Overview: Recent research has shown that typical one-off data collection practices, dataset reuse, poor dataset quality, or representativeness could lead to unfair, biased, or inaccurate outcomes. Data collection for AI should be performed responsibly, where the data quality is thoroughly scrutinized and measured through a systematic set of appropriate metrics. In our paper, we propose a Responsible AI (RAI) methodology designed to guide the data collection with a set of metrics for an iterative, in-depth analysis of the factors influencing the quality and reliability of the generated data.


Introduction

Despite developing numerous toolkits and checklists to assess the quality of AI models and human-generated datasets, the research landscape still needs a unified framework for cross-dataset comparison and measurement of dataset stability for repeated data collections. Our approach complements existing research by proposing an iterative metrics-based methodology that enables a comprehensive analysis of data collections by systematically applying reliability and reproducibility measurements. 

The reliability metrics are applied to a single data collection and focus on understanding the raters. We propose that data collection campaigns be repeated under similar or different conditions. This allows us to study in-depth the reproducibility of the datasets and their stability under various conditions using a set of reproducibility metrics. The overall methodology is designed to integrate responsible AI practices into data collection for AI and allow data practitioners to explore factors influencing reliability and quality, ensuring transparent and responsible data collection practices. We found that our systematic set of metrics allows us to draw insights into the human and task-dependent factors that influence the quality of AI datasets. They also provide the necessary input for a dataset scorecard, allowing for thorough and systematic evaluation of data collection experiments. 

Key Insights

Reliability and Reproducibility Metrics for Responsible Data Collection

Our proposed methodology brings together, systematically, a set of measurements typically performed ad hoc. However, observing their interaction allows data practitioners to provide a holistic picture of the data quality produced by these studies. The chosen metrics provide input for a scorecard, allowing for thorough and systematic evaluation and comparison of different data collection experiments.

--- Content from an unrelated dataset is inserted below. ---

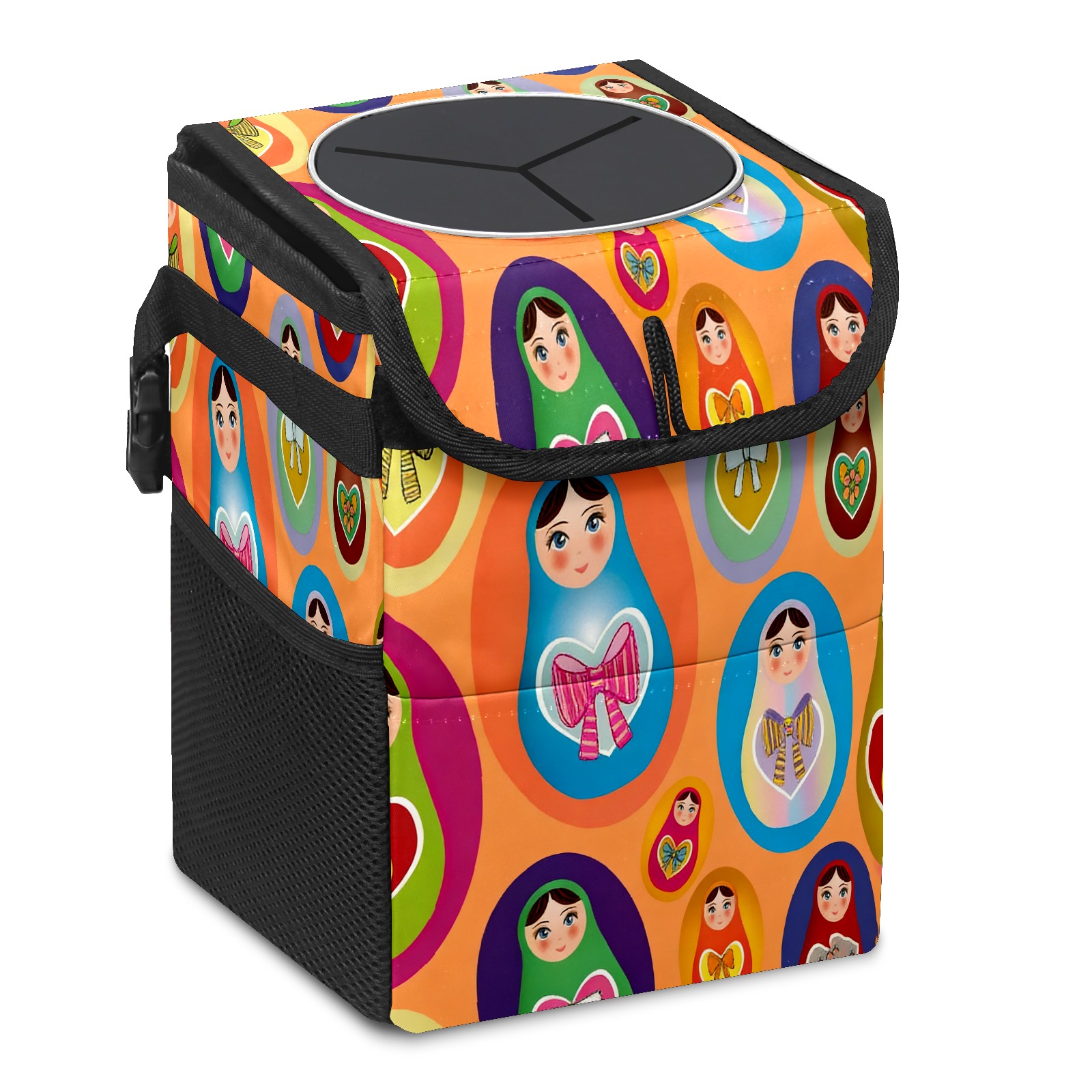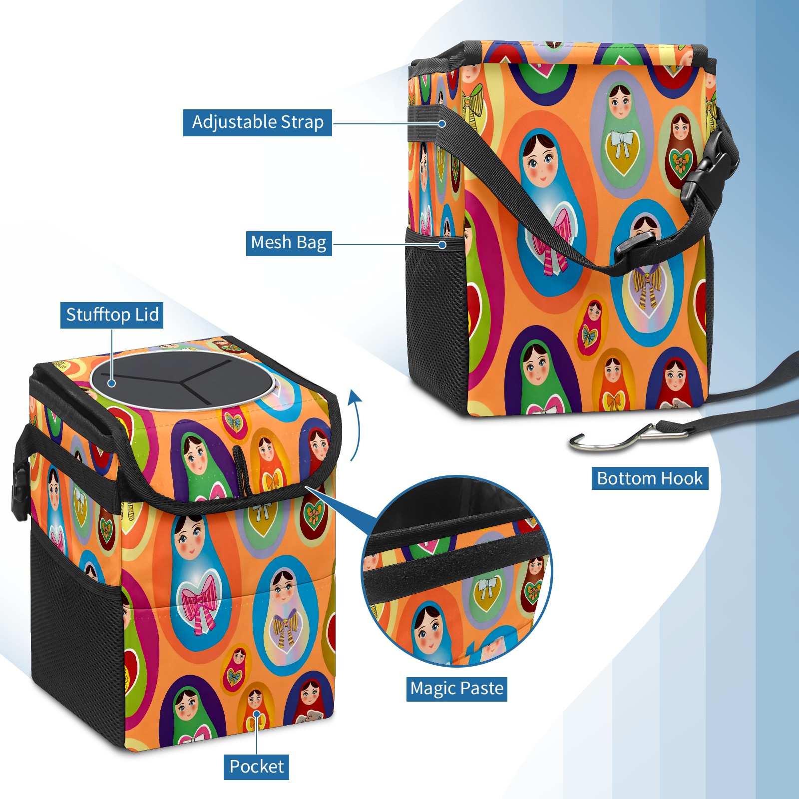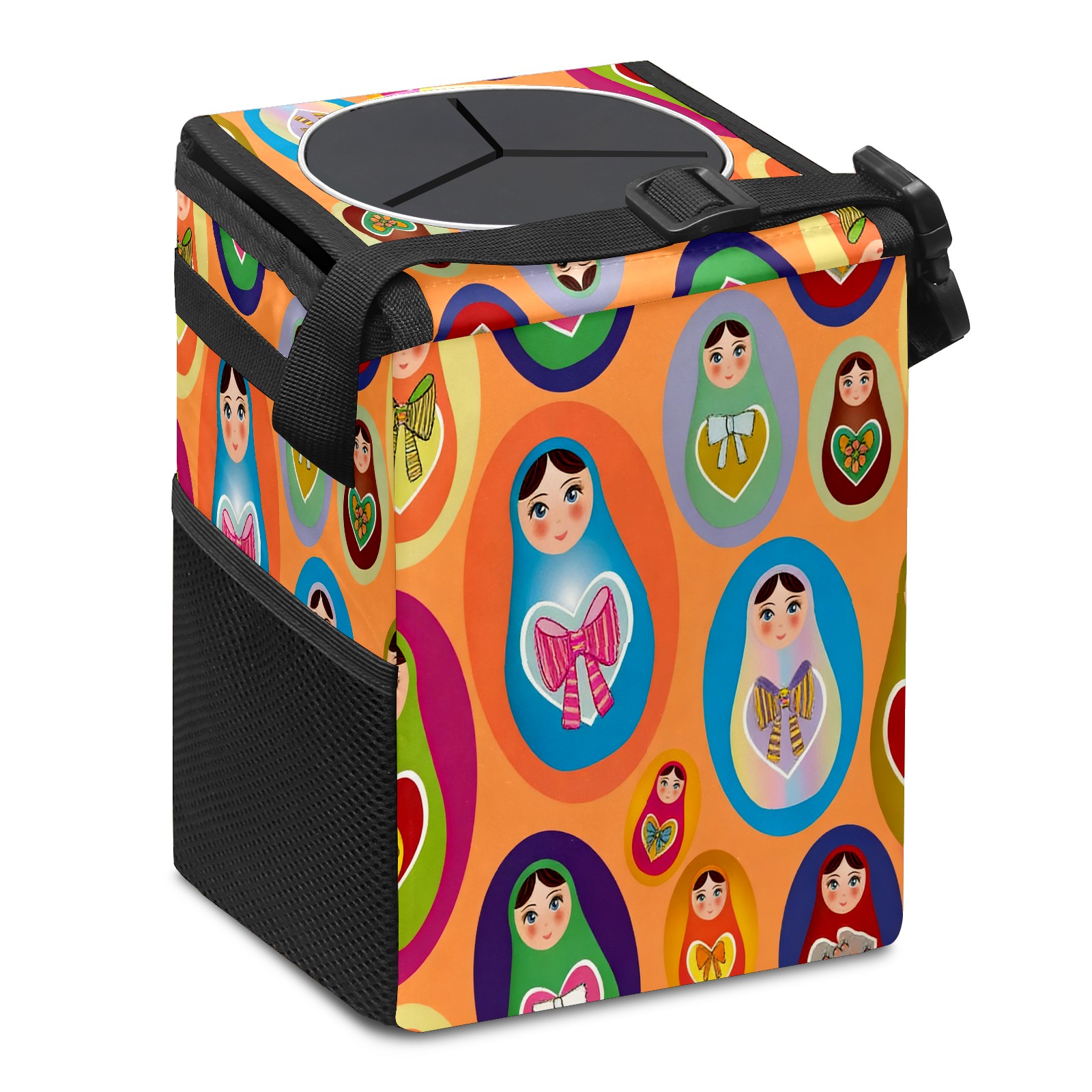 Small Collapsible Car Trash Can with Lid, Hanging Garbage Bin with Storage Pockets, Vibrant Dolls Orange for Front/Back Seat, Car Interior Organizer Accessory

We address the reliability of human annotations by looking at raters’ agreement (i.e., measuring their inter-rater reliability), raters’ variability (i.e., measuring the variability in raters’ answers distribution), and power analysis (i.e., determining the sufficient number of raters for each task). These analyses equip us with fundamental observations and findings for characterizing annotations’ quality and reliability. 

To investigate how rater populations influence the reliability of the annotation results, we propose repeating the annotations at different time intervals and in different settings, thus identifying the factors influencing their reliability. However, we need to use the aforementioned reliability measures to perform a proper comparison of the collected annotations. For instance, high raters agreement values in several repetitions indicate highly homogeneous raters’ populations within each repetition, but it does not necessarily mean that the experiments are highly reproducible. For this, we perform two additional measurements: 1) stability analysis (i.e., measuring the degree of association of the aggregated raters’ scores across two data collection repetitions) and 2) replicability similarity analysis (i.e., measuring the degree of agreement between two rater pools, making two data annotation tasks comparable) to understand how much variability the raters bring and how much we can generalize the results. 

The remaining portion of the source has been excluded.